Somehow, in the midst of a recession in which national unemployment is close to 10 percent and the country is facing a record $1.47 trillion deficit, Republicans in Congress appear ready to do battle to preserve tax breaks for the wealthy that are due to expire in January.
Remember those Bush-era tax cuts? They, along with the ill-advised Iraq war, were primarily responsible for taking a healthy surplus left by the Clinton administration and converting it into the massive deficits that we have endured for years.

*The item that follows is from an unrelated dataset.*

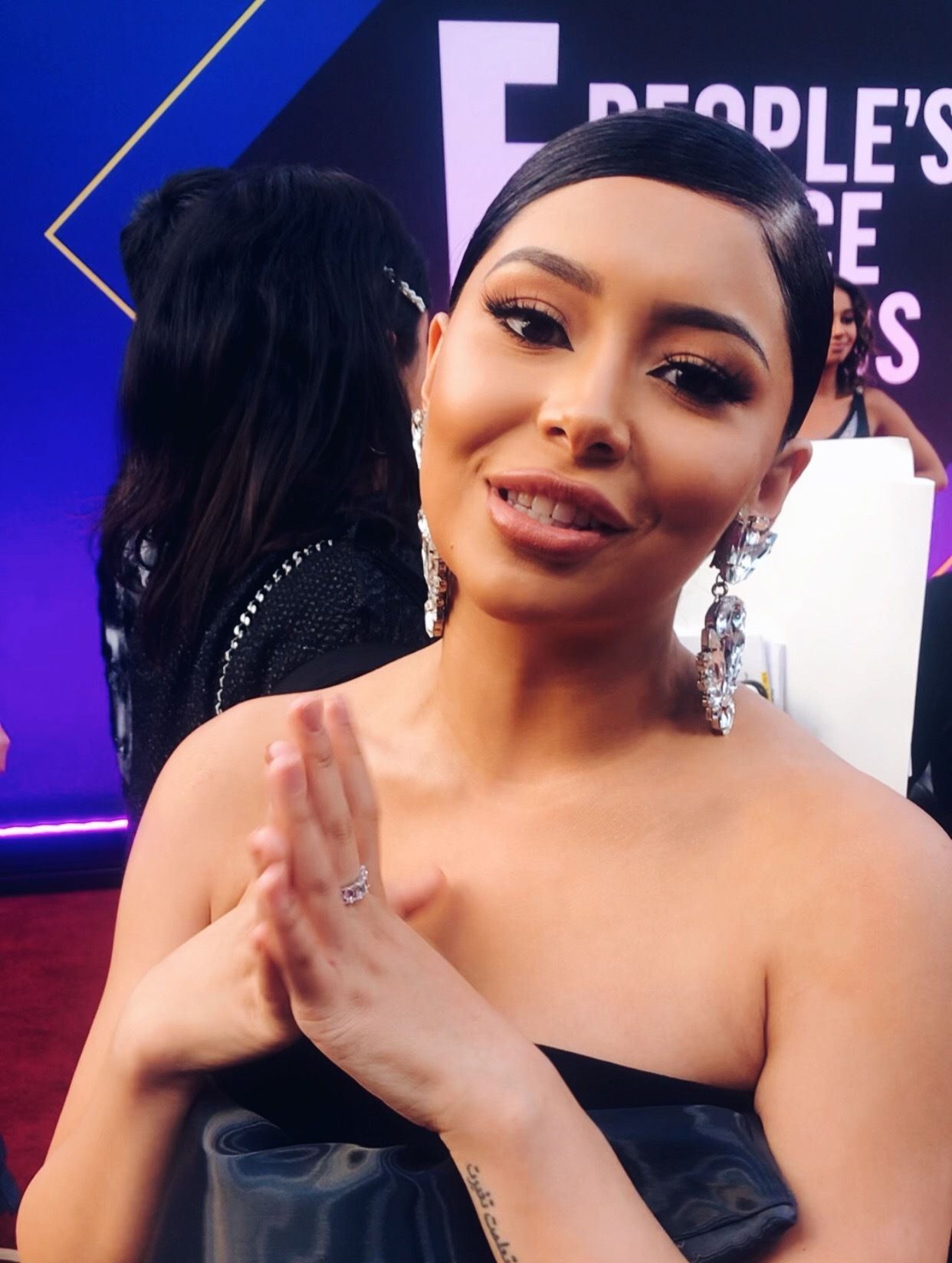 Jaicy Elliot, known for her role as Dr. Taryn Helm on Grey’s Anatomy, stunned in her beautiful Adrianna Pappel dress. She dished about clay masks, “Whenever I’m home and I don’t have anything to do, I slap on a clay mask and it makes me feel like an adult. Like I know what I’m doing.”

Somehow, the prospect of adding at least another $2 trillion to the national debt over the next decade doesn't faze the vast majority of Republicans (and handful of Democrats) in Congress for whom any tax cut is a good tax cut, however fiscally reckless or unneeded by the recipient. Apparently, we are supposed to forget that just weeks ago, the GOP leadership was railing against extending benefits to long-term unemployed Americans on the grounds that helping those people, many of whom are in truly desperate straits, would add about $34 billion to the deficit.

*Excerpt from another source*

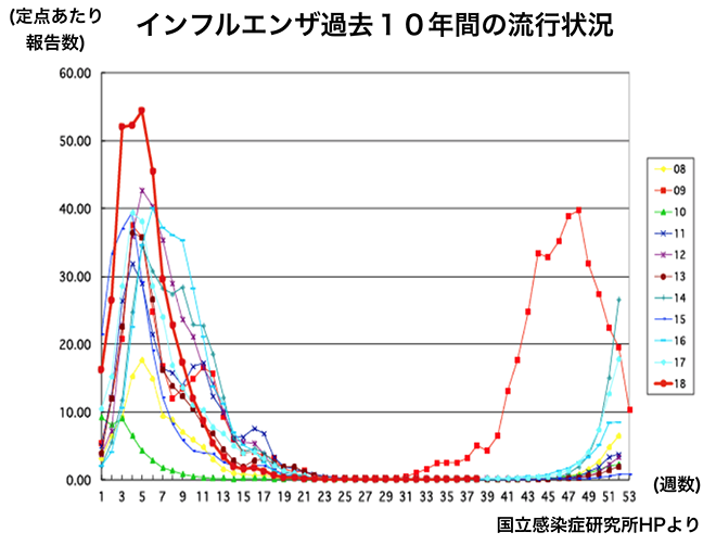 インフルエンザの流行は多少の地域差はあるものの例年11月から12月頃に始まり(44週が11月の始まり)、12月下旬から3月上旬にピークをむかえます(下図)。インフルエンザが大流行した2009年は8月上旬とかなり早期から流行がみられていますが今年は現時点(38週:9月23日までの報告)で流行はみられていません。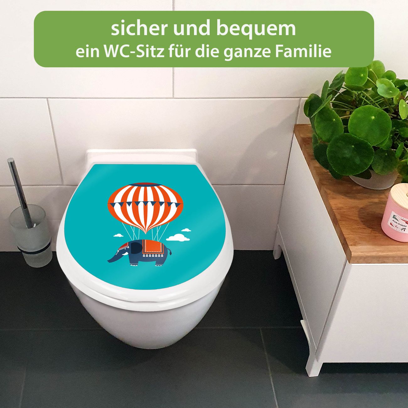 FUNKTION:Mit dem banjado Familien WC Sitz mit Absenkautomatik und dem Motiv Motiv Schwerelos verbinden Sie Design mit Funktionalität. Sie erhalten den Toilettendeckel in bewährt guter Qualität mit Montagematerial passend auf alle Euro-WC-Becken. Die Gesamtgröße beträgt 37,1cm x 44,9cm x 5cm, die Grundfarbe ist weiß.</p> DESIGN:Der Klodeckel in weiß mit Motiv Motiv Schwerelos hat eine ansprechende Optik, eine besondere Form und ist sehr stabil. Das Motiv besteht aus einer farbbrillianten Motivfolie, die durch ein Schutzlaminat zusätzlich vor Kratzern schützt. Der integrierte Kindersitz fügt sich harmonisch ein. DETAILS:Der Toilettensitz mit Soft Close besteht aus hochwertigem Polypropylen, ist geruchlos, ungiftig und kann mit handelsüblicher Seife gereinigt werden. Die Montage kann von von oben oder von unten erfolgen und ist kinderleicht. NUTZEN:Mit Hilfe der detaillierten Aufbauanleitung ermöglichen wir eine schnelle und unkomplizierte Montage. Die banjado Klobrille ist universell geeignet für alle Euro-WC-Schüsseln. Der Kindersitz kann unkompliziert entfernt werden. BANJADO:Ihr WC-Deckel wird in Sachsen in einer kleinen Manufaktur von Hand veredelt. Die Motivfolie ist lösungsmittelfrei und schutzlaminiert für einen langen Halt. Wir wünschen viel Freude bei der Auswahl eines schönen Motivs.

President Barack Obama deserves credit for using his Saturday radio address to criticize House Minority Leader John Boehner for promising to fight to permanently extend the Bush tax cuts even for families earning more than $250,000 a year. With so many pressing needs in our society, it is not clear that tax breaks for the most well-off Americans are ever a good idea; but the timing of this proposal, with deficits rising and so many Americans in need, could hardly be worse. It says a lot about the current climate in Washington that taking such a common-sense stand demonstrates a certain degree of political bravery on Mr. Obama's part.
The question of middle-class taxes is different and is a debate worth having. The president and many Democrats are inclined to extend the tax cuts on families making less than $250,000. During his campaign for president, Mr. Obama repeatedly promised never to raise taxes on the middle class (a promise we considered ill-advised, then and now), so he would no doubt take a political hit for letting the tax break for middle-class families expire. We, however, are far more concerned with the fiscal health of the nation than the president's political fortunes.
These tax cuts were designed to be temporary because virtually everybody realized that — "trickle down" theory notwithstanding — over time, they would cause annual deficits and the overall federal debt to spiral out of control. The middle-class tax cut, were it to continue, would represent almost two-thirds of the $2 trillion impact on the national debt by 2020.
We have great sympathy for the recession-battered middle class in this country and have no disagreement, in principle, on lowering their taxes. But the effect on the national Treasury of continuing this tax cut, at this time, may be more than this debt-weary nation can afford.